Bundan 80 yıl önce bu oyunu fark eden Kürt asıllı vatandaşlarımız Lozan Konferansı sürerken birara kendisini "Kürtlerin Avukatı" olarak lanse eden Lord Curzon'a bir mektup döşerler. Geçenlerde okuduğum bir dergide de yayınlanan bu mektubu küçük büyük hemen herkesin okuması gerektiğine inanıyorum.

Bu tarihsel belgenin aslı , “ HR. İM. 60/3 ”kayıt numarasıyla , Başbakanlık Osmanlı Arşivi’nde bulunmaktadır.

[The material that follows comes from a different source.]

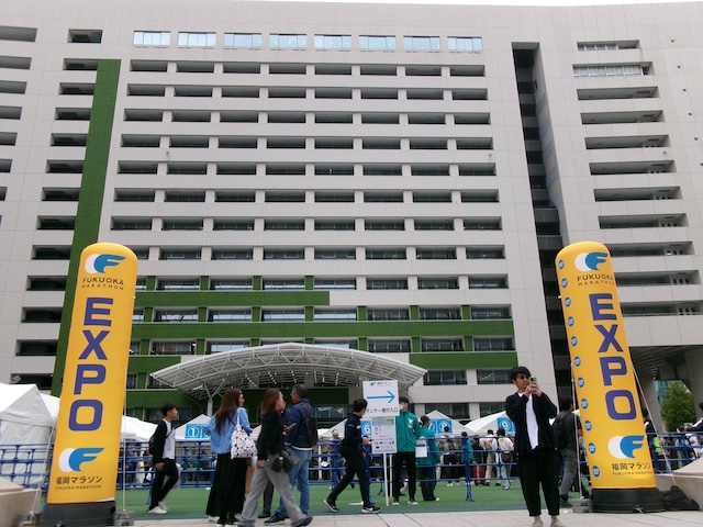 午前中の診療をして、柳井駅午後1時17分発のJRの在来線と新幹線を利用し、午後3時博多駅に到着しました。地下鉄で天神まで行き、市役所で受付をして、ゼッケン、測定チップをもらいました。昨年と同じ、今回も会場から歩いて5分ほどのところにあるコンフォートインを予約しており、チェックイン。

Lozan da bir “İngiliz oyunu”nu daha bozan ve “Umum Kürt Amele ve Esnaf Cemiyyeti Reisi Salih Kahya” adına Erzurumlu İsa – Zade Ahmet , İstanbul ’da “Umum Kürtler” adına “Lolan Aşireti Reisi ve sabık Kürt Gençler Cemiyeti Reisi [Düzer] –zade Dersimli Mehmet Sabri ” tarafından İngiltere Dışişleri Bakanı Lord Curzon’a gönderilen tarihsel mektup :

“Bugünlerde - Lozan Konferansı görüşmelerinde- İngiltere Delegasyonu Reisi Lord Curzon’un Kürtlere bağımsızlık verilmesi fikrini ortaya atarak, Kürtlerin hamisi tavrını takınmasını şaşkınlıkla karşıladık.

Kürtlerin tarihi geçmişi:
Biz Kürtler Turan neslinden bir kavimiz. Milli ananelerimiz ve özelliklerimizden (yiğitlik, kahramanlık vb.) dolayı Türkler bize ‘yiğit ve cesur’ manasına gelen Kürt adını vermişlerdir. Kürt adıyla anılan ve büyük hizmetleri geçen kahramanların adlarının yaşaması amacıyla ‘Deminan’ , ‘Hayderan’ , ‘Kureyşan’ ve ‘Lolan’ gibi isimler kabile ve aşiretlere verilmiştir. Bu aşiretler, bugün anavatanın Doğu Türklerini oluşturmaktadır.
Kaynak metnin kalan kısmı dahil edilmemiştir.